§ PROBLEM TO WORK ON:
An exact copy of the data below is needed; please leave out any pictures.

THE DATA below:

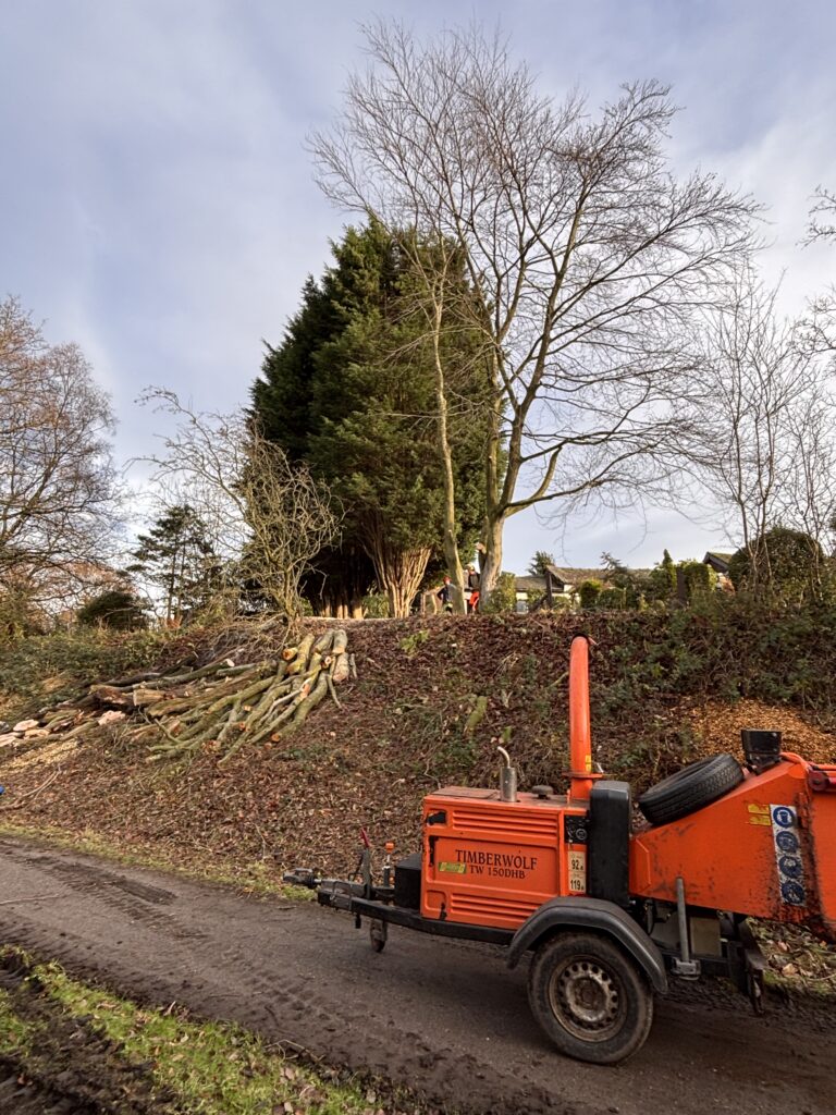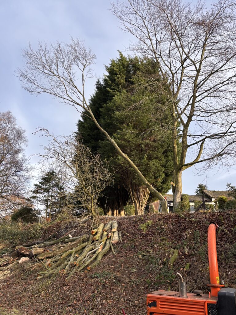 We told Mark all about the boat and he took photographs, and then headed up to see Donna and Jam at Braidbar. We had lunch and went out for a walk down Middlewood Way and back via the towpath. On the footpath, there was a team of tree surgeons at work, with one of them knocking a wedge into a tree that needed to come down. We waited to see it fall.
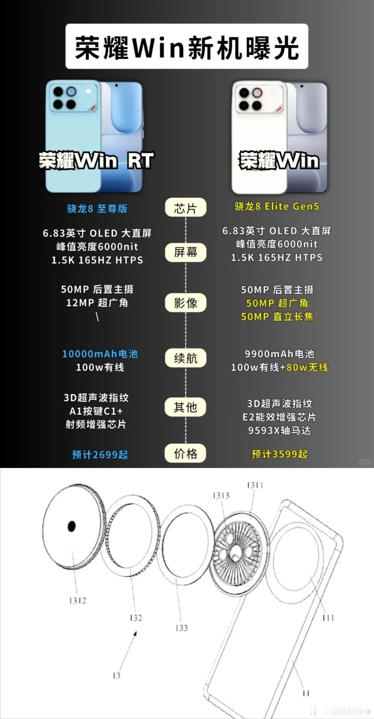 早就听说华为之前申请过手机风扇专利,本来以为Mate80系列会先用上这黑科技,结果全系都没搭载,还挺意外的。现在荣耀WIN系列曝光了,不光性能比预想的还顶,居然配了9000毫安的大电池,最关键的是真内置了风扇!跟之前网上传的一样,这风扇被荣耀藏在镜头模组里,不仔细看根本发现不了,技术思路看着和华为那套挺像的,估计余承东也没想到荣耀能把这专利落地用上。
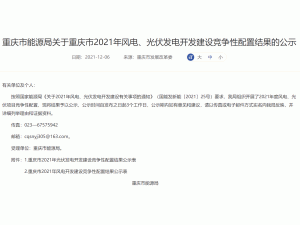 從重慶市發(fā)展改革委獲悉:12月6日重慶市能源局發(fā)布2021年風(fēng)電、光伏發(fā)電開(kāi)發(fā)建設(shè)競(jìng)爭(zhēng)性配置結(jié)果公示,光伏項(xiàng)目20個(gè),總規(guī)模1.4GW;風(fēng)電項(xiàng)目8個(gè),總規(guī)模472.4MW。
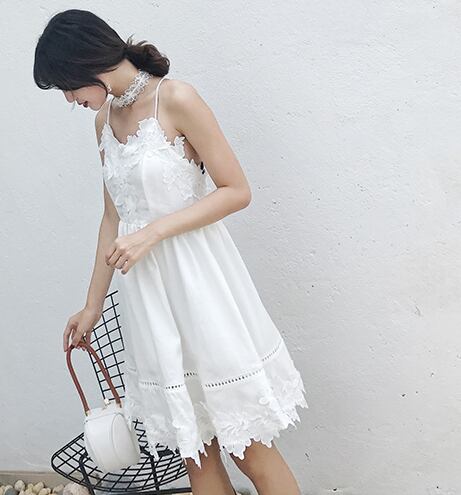 【送料無料】 可愛い ミディ丈 レトロ コットン サマードレス プリンセス風 ワンピース 花柄モチーフ カットワーク刺繍 清楚 ノースリーブ オープンバック クロスストラップ ウエストギャザー キュート フェミニン ホワイト ビーチ リゾート 旅行 デート DR-013KW

End of THE DATA.

§ RESULT OF THE TASK:
 We told Mark all about the boat and he took photographs, and then headed up to see Donna and Jam at Braidbar. We had lunch and went out for a walk down Middlewood Way and back via the towpath. On the footpath, there was a team of tree surgeons at work, with one of them knocking a wedge into a tree that needed to come down. We waited to see it fall.
 早就听说华为之前申请过手机风扇专利,本来以为Mate80系列会先用上这黑科技,结果全系都没搭载,还挺意外的。现在荣耀WIN系列曝光了,不光性能比预想的还顶,居然配了9000毫安的大电池,最关键的是真内置了风扇!跟之前网上传的一样,这风扇被荣耀藏在镜头模组里,不仔细看根本发现不了,技术思路看着和华为那套挺像的,估计余承东也没想到荣耀能把这专利落地用上。
 從重慶市發(fā)展改革委獲悉:12月6日重慶市能源局發(fā)布2021年風(fēng)電、光伏發(fā)電開(kāi)發(fā)建設(shè)競(jìng)爭(zhēng)性配置結(jié)果公示,光伏項(xiàng)目20個(gè),總規(guī)模1.4GW;風(fēng)電項(xiàng)目8個(gè),總規(guī)模472.4MW。
 【送料無料】 可愛い ミディ丈 レトロ コットン サマードレス プリンセス風 ワンピース 花柄モチーフ カットワーク刺繍 清楚 ノースリーブ オープンバック クロスストラップ ウエストギャザー キュート フェミニン ホワイト ビーチ リゾート 旅行 デート DR-013KW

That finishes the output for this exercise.